OSD takes suicide timeout during deep_scrub on pg after upgrade to Hammer 94.5

Added by Michael Hackett over 8 years ago. Updated about 8 years ago.

Status:

Resolved

Priority:

High

Assignee:

Samuel Just

Category:

Target version:

% Done:

Source:

Tags:

Backport:

Regression:

Severity:

Reviewed:

Affected Versions:

v0.94.5

ceph-qa-suite:

Pull request ID:

Crash signature (v1):

Crash signature (v2):

Description

Dreamhost has upgraded to Ceph Hammer 94.5 and has been incurring occasional OSD crashes due to suicide timeouts during deep_scrubs on pgs.
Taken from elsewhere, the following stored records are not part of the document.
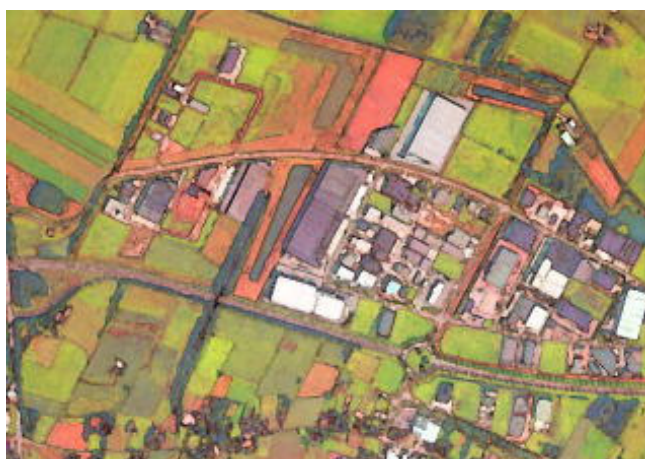
Bedrijventerrein Bijsterhuizen, intergemeentelijke ontwikkeling van Nijmegen en Wijchen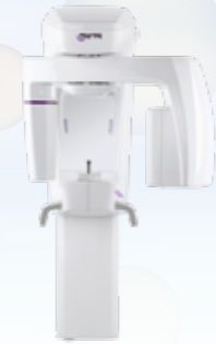
MyRay X5 3D Conebeam systeem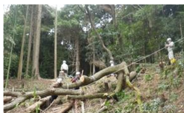
18日 放置伐採木の処理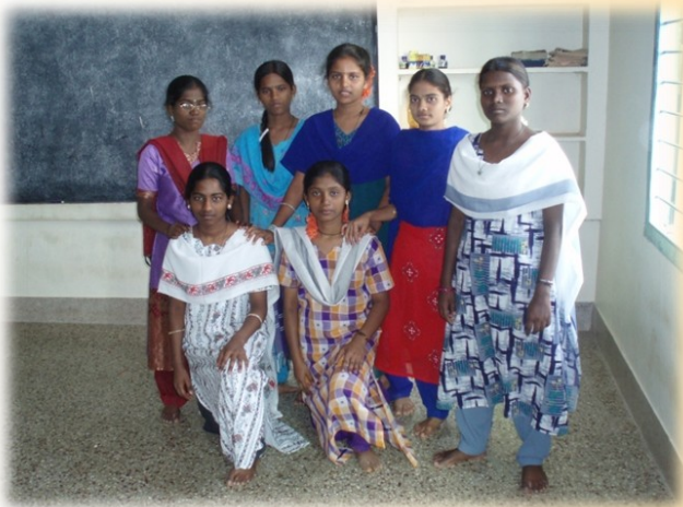
Foto 1. Hallelujah Children Home, Madurai, april 2007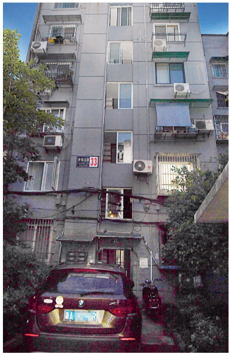
居民楼的楼道口停满私家车

They have since disabled deep scrubbing and have not encountered any further OSD crashes since.
OSD logs from two OSD's were gathered with debug=20 during the crash.

Reviewing the log file for OSD.933 I can see that we definitely take the suicide timeout waiting for thread 0x7fc1c21c4700 which is the deep_scrub on pg 5.143e.

2015-11-18 18:21:04.385672 7fc1c21c4700 10 osd.933 pg_epoch: 821902 pg[5.143e( v 821849'118406 (811813'115381,821849'118406] local-les=821901 n=14374 ec=22869 les/c 821901/821902 821900/821900/817050) [1351,470,933] r=2 lpr=821900 pi=664979-821899/79 luod=0'0 crt=821849'118406 lcod 0'0 active] be_deep_scrub cc40143e/.dir.default.120331675.42828/head//5 seed 4294967295

A little over 60 seconds after the last deep scrub message in the logs we see the assert because we are waiting on the thread.

2015-11-18 18:22:05.031867 7fc1d4331700 20 osd.933 821902 share_map_peer 0x60f2840 already has epoch 821902
2015-11-18 18:22:05.040871 7fc1cc1d8700 1 heartbeat_map is_healthy 'OSD::disk_tp thread 0x7fc1c21c4700' had timed out after 60
2015-11-18 18:22:05.040875 7fc1cc1d8700 1 heartbeat_map is_healthy 'OSD::disk_tp thread 0x7fc1c21c4700' had suicide timed out after 60
2015-11-18 18:22:05.042788 7fc1cc1d8700 -1 common/HeartbeatMap.cc: In function 'bool ceph::HeartbeatMap::_check(ceph::heartbeat_handle_d*, const char*, time_t)' thread 7fc1cc1d8700 time 2015-11-18 18:22:05.040885
common/HeartbeatMap.cc: 79: FAILED assert(0 == "hit suicide timeout")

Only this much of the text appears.